Time is passing by so quickly and it just hit me that I’ll be turning 20 soon before I know it. This freaks me out because as I’m busy growing up, nothing changes the fact that my parents are growing old too and I dislike it very much. Overly-attached daughter, I know.

Looking back on 2013, I have to say that it has taught me valuable life lessons. It was the year I found myself on a path I never thought I’d travel. There were times when I have felt that it wasn’t right for me, had I thought about it. But through the intervention of fate and serendipity, I wound up going in a new direction. Frightened, I was but grateful nonetheless.
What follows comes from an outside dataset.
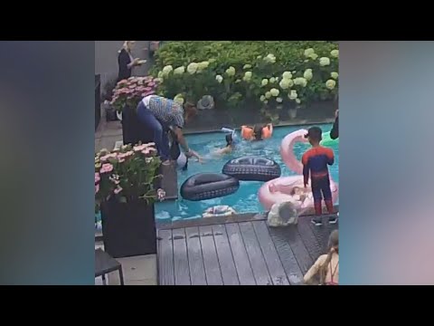 Najib Amhali heeft bewakingsbeelden online gezet waarop te zien is hoe zijn neefje, die nog niet kan zwemmen, uit het zwembad gered wordt van de verdrinkingsdood.
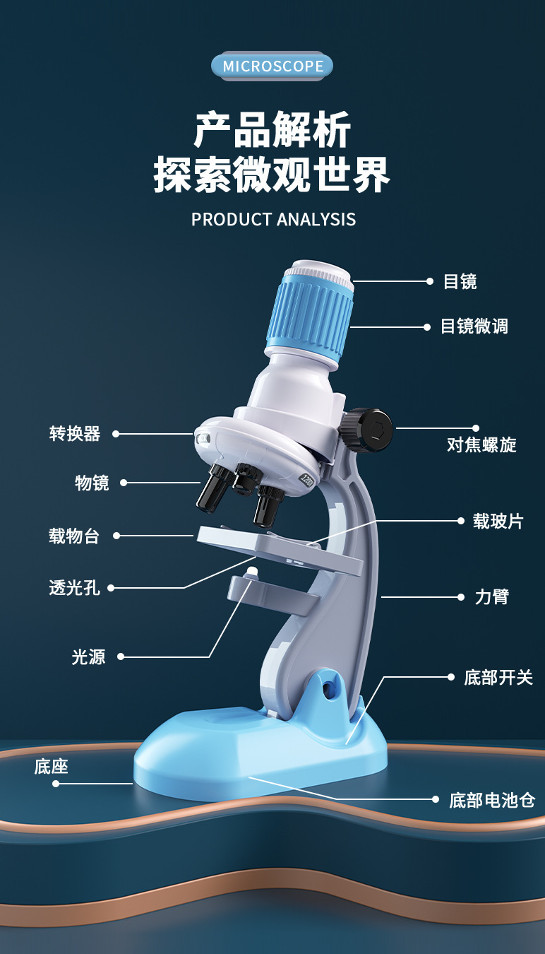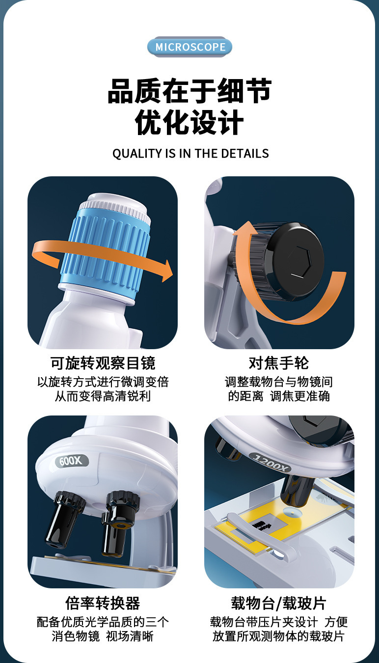 儿童显微镜1200倍专业科学器材生物实验套装初中版小学生益智玩具

I too spent a lot of time multi-tasking, juggling and running around like a hamster on a wheel in the last year. It was prostrating and I felt like I got nowhere for all of my effort. I was beaten down – I kept pushing myself above my limits but I know it was not good enough. I will never be good enough and I intend on doing better this year, god willing.

2014 is here and I am going to make adjustments in my life. I will dive forward into any pool of chance instead of sinking myself helpless into what once was. We fall prey to the illusion that there is always tomorrow while missing today. Therefore, I do not wish to miss what has passed as it’ll only make me neglect what is now. Out with the old and in with the new; this is not just a platitude to associate with the beginning of the New Year. I need to free myself from old baggage, and usher in a whole new outlook and way of doing things as well as making my life feel new again for a happier and fruitful future. 

I am going to absorb whatever comes my way and learn to master the subtle cues that I’ve been overlooking. I want to not wish and to just do and to live for today. 

I want to fall madly in love…with myself.